Each of Elliott and Elliott International acquired the Common Stock
beneficially owned by it in the ordinary course of its trade or business of
purchasing, selling, trading and investing in securities. EICA has acted as
investment manager with respect to Elliott International's acquisition of
beneficial ownership of Common Stock.
Depending upon market conditions and other factors that it may deem
material, each of Elliott and Elliott International may acquire additional
shares of Common Stock or other securities of the Issuer or may dispose of all
or a portion of the Common Stock or other securities of the Issuer that it now
beneficially owns or hereafter acquires. Elliott and Elliott International may
each take any other action with respect to the Issuer or any of its debt or
equity securities in any manner permitted by law.

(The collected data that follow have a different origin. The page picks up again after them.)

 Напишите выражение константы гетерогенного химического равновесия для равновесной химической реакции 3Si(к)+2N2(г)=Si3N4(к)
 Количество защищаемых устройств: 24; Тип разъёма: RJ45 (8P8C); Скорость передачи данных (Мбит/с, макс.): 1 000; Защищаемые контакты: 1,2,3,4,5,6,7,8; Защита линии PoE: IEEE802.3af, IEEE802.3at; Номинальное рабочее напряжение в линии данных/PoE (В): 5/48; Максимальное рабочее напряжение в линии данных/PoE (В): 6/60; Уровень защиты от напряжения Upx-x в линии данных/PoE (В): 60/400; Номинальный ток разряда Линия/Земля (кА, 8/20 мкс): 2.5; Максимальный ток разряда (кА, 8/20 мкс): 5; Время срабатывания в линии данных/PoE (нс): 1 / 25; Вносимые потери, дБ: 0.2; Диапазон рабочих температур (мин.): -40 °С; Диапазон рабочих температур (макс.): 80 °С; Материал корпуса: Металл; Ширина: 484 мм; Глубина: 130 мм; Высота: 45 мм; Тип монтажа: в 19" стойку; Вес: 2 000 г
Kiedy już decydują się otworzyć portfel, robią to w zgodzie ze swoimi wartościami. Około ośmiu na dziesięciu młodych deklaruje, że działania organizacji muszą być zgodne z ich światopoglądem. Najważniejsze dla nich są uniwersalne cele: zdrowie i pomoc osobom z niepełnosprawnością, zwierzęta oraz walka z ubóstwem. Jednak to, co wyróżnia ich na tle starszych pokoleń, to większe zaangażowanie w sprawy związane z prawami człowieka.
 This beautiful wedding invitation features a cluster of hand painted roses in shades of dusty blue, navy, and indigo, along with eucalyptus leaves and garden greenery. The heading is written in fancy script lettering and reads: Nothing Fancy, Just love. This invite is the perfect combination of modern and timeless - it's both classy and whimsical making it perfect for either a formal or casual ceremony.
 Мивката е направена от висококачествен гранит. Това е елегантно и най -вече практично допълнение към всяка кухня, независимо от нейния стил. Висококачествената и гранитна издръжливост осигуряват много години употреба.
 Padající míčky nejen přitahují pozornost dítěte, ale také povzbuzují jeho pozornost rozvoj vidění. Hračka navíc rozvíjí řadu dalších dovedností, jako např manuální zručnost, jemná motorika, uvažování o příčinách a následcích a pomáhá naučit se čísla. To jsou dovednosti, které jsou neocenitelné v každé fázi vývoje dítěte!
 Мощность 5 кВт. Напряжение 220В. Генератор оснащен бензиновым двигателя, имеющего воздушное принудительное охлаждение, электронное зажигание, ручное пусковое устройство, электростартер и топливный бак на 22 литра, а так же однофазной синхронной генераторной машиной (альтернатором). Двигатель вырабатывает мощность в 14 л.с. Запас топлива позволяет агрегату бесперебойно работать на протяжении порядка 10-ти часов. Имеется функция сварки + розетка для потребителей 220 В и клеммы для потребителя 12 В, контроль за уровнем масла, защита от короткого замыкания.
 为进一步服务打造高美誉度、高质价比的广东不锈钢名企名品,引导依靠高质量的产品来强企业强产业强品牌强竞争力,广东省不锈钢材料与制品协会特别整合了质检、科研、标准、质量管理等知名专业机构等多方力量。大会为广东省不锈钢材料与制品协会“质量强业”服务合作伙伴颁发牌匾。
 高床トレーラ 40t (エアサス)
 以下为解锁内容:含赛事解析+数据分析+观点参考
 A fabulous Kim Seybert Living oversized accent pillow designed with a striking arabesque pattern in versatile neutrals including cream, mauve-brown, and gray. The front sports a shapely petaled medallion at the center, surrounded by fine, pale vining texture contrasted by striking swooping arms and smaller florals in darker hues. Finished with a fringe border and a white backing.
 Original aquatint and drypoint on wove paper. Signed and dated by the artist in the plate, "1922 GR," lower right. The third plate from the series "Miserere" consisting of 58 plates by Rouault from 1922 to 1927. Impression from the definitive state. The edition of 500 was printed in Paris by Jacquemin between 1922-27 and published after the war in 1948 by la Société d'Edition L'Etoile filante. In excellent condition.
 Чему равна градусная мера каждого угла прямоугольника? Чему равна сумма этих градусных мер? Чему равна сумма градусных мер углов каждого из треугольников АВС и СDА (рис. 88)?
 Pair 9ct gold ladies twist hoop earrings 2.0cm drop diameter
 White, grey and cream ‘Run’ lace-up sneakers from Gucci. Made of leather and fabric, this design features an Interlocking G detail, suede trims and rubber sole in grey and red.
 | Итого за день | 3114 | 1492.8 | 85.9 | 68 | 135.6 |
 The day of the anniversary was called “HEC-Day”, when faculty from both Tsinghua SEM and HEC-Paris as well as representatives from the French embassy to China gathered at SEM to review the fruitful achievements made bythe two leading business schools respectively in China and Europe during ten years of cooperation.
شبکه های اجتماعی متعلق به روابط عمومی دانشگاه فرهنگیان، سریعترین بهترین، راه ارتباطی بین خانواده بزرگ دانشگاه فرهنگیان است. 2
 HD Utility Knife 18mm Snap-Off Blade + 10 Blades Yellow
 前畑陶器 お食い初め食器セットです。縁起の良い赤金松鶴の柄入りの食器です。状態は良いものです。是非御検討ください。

Elliott Associates, Elliott International, the Issuer, certain subsidiaries
and affiliates of the Issuer, and certain other holders of each of the 16%
Subordinated Notes and 18% Subordinated Notes issued by the Issuer
(collectively, the "Subordinated Notes"), entered into two separate agreements
dated as of March 31, 2005. The two agreements are described below.
Manchester Securities Corp. ("Manchester"), a New York corporation and
wholly owned subsidiary of Elliott Associates, as Collateral Agent,
Administrative Agent, Master Assignee and a Lender, entered into a certain
Financing Agreement dated as of March 31, 2005 with the Issuer, certain
guarantors of the Issuer, and certain holders of the Subordinated Notes
identified as Lenders therein. Pursuant to the Financing Agreement, the Lenders
agreed to issue two separate senior secured loan facilities, a Term A Loan for
an aggregate amount of up to $30,000,000, and a Term B Loan for an aggregate
amount of up to $40,000,000. Each Lender was committed to advance amounts on a
pro rata basis pursuant to the terms of the Financing Agreement. The Term A Loan
bears interest at 15% per annum, payable monthly 10% in cash and 5%
paid-in-kind, requires a monthly principal payment of $500,000 beginning in July
2005 and matures on March 31, 2007. The Term B Loan bears interest at 10% per
annum, payable monthly 8% in cash and 2% paid-in-kind, and matures on March 31,
2007. The purpose of the loans is to allow the Issuer to repay certain of its
debt obligations that became due in March 2005 with the remaining proceeds to be
used for working capital purposes.
The Issuer also entered into a Recapitalization Letter Agreement dated as
of March 31, 2005 ("Recapitalization Agreement"), with Elliott Associates,
Elliott International and the other Subordinated Note holders identified
therein, pursuant to which the Issuer agreed to issue an aggregate of 60 million
shares of Common Stock and shares of a newly created class of preferred stock,
the Series B Mandatorily Convertible Redeemable Preferred Stock ("New Preferred
Stock"), for approximately $85 million of Subordinated Notes and all of the
outstanding shares of Series A Redeemable Participating Preferred Stock. Upon
the occurrence of the Charter Amendment (as discussed below), all the shares of
New Preferred Stock shall automatically convert into shares of Common Stock;
provided, however, if the Charter Amendment occurs prior to the date which is
six months and one day from and after the date of the original issuance of the
New Preferred Stock ( the "Six Month Anniversary Date"), no conversion will
occur until the Six Month Anniversary Date.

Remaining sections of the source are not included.